Signed-off-by: Ard Biesheuvel <ardb@kernel.org>
---
 arch/arm64/crypto/sha2-ce-core.S | 38 +++++++-------------
 arch/arm64/crypto/sha2-ce-glue.c | 22 ++++++------
 2 files changed, 25 insertions(+), 35 deletions(-)

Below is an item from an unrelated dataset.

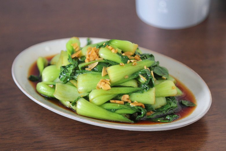 300g cải chíp, 1 muỗng canh dầu hào, 1 muỗng cà phê nước tương, 2 thìa tỏi băm, một ít muối.

diff --git a/arch/arm64/crypto/sha2-ce-core.S b/arch/arm64/crypto/sha2-ce-core.S
index 3f9d0f326987..6cdea7d56059 100644
--- a/arch/arm64/crypto/sha2-ce-core.S
+++ b/arch/arm64/crypto/sha2-ce-core.S
@@ -76,36 +76,30 @@
 	 */
 	.text
 SYM_FUNC_START(sha2_ce_transform)
-	frame_push	3
-
-	mov		x19, x0
-	mov		x20, x1
-	mov		x21, x2
-
 	/* load round constants */
-0:	adr_l		x8, .Lsha2_rcon
+	adr_l		x8, .Lsha2_rcon
 	ld1		{ v0.4s- v3.4s}, [x8], #64
 	ld1		{ v4.4s- v7.4s}, [x8], #64
 	ld1		{ v8.4s-v11.4s}, [x8], #64
 	ld1		{v12.4s-v15.4s}, [x8]
 
 	/* load state */
-	ld1		{dgav.4s, dgbv.4s}, [x19]
+	ld1		{dgav.4s, dgbv.4s}, [x0]
 
 	/* load sha256_ce_state::finalize */
 	ldr_l		w4, sha256_ce_offsetof_finalize, x4
-	ldr		w4, [x19, x4]
+	ldr		w4, [x0, x4]
 
 	/* load input */
-1:	ld1		{v16.4s-v19.4s}, [x20], #64
-	sub		w21, w21, #1
+0:	ld1		{v16.4s-v19.4s}, [x1], #64
+	sub		w2, w2, #1
 
 CPU_LE(	rev32		v16.16b, v16.16b	)
 CPU_LE(	rev32		v17.16b, v17.16b	)
 CPU_LE(	rev32		v18.16b, v18.16b	)
 CPU_LE(	rev32		v19.16b, v19.16b	)
 
-2:	add		t0.4s, v16.4s, v0.4s
+1:	add		t0.4s, v16.4s, v0.4s
 	mov		dg0v.16b, dgav.16b
 	mov		dg1v.16b, dgbv.16b
 
@@ -134,24 +128,18 @@ CPU_LE(	rev32		v19.16b, v19.16b	)
 	add		dgbv.4s, dgbv.4s, dg1v.4s
 
 	/* handled all input blocks? */
-	cbz		w21, 3f
-
-	if_will_cond_yield_neon
-	st1		{dgav.4s, dgbv.4s}, [x19]
-	do_cond_yield_neon
+	cbz		w2, 2f
+	cond_yield	3f, x5
 	b		0b
-	endif_yield_neon
-
-	b		1b
 
 	/*
 	 * Final block: add padding and total bit count.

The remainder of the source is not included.